__Problem statement__: Pictures are to be left out; every line from the one that holds "校所合作:湖南科技大学法学与" to the end of the data is to be retyped exactly.

__Given material__:
-=-=-=-=-
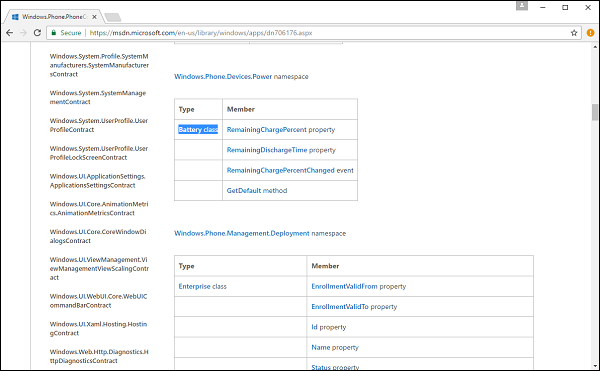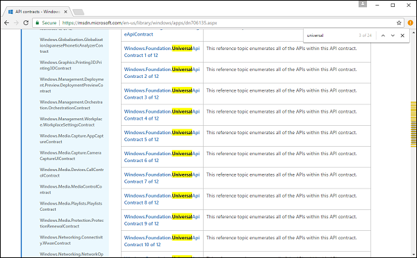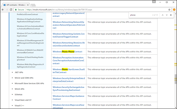设备系列中的一组API被分解为称为API契约的细分。可以在这里找到不同的API契约列表 - http://msdn.microsoft.com/en-us/library/windows/apps/dn706135.aspx
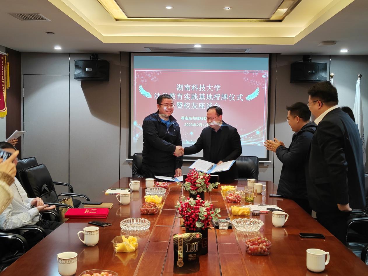 校所合作:湖南科技大学法学与公共管理学院与湖南辰邦律师事务所圆满举行法学教育实践基地授牌仪式暨校友座谈会
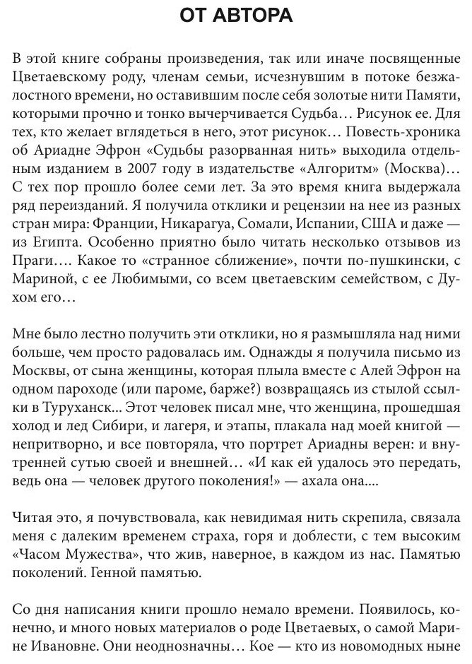 В этой книге собраны произведения, так или иначе посвященные Цветаевскому роду, членам семьи, исчезнувшим в потоке безжалостного времени, но оставившим после себя золотые нити Памяти, которыми прочно и тонко вычерчивается Судьба...В
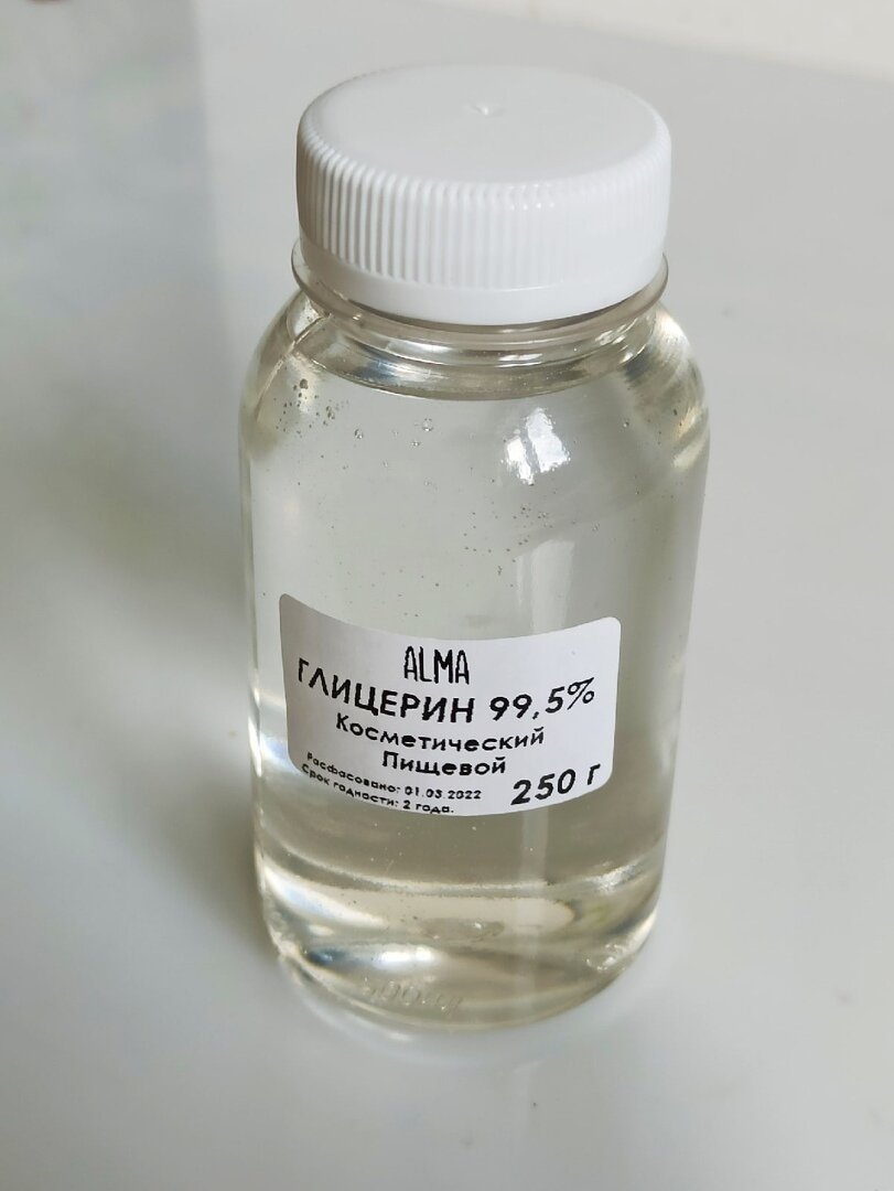 Глицерин ALMA прозрачный, жидкий, пищевой, аптечный, косметический, дистиллированый 99,5%, 400 г
-=-=-=-=-
__Task response__:
 校所合作:湖南科技大学法学与公共管理学院与湖南辰邦律师事务所圆满举行法学教育实践基地授牌仪式暨校友座谈会
 В этой книге собраны произведения, так или иначе посвященные Цветаевскому роду, членам семьи, исчезнувшим в потоке безжалостного времени, но оставившим после себя золотые нити Памяти, которыми прочно и тонко вычерчивается Судьба...В
 Глицерин ALMA прозрачный, жидкий, пищевой, аптечный, косметический, дистиллированый 99,5%, 400 г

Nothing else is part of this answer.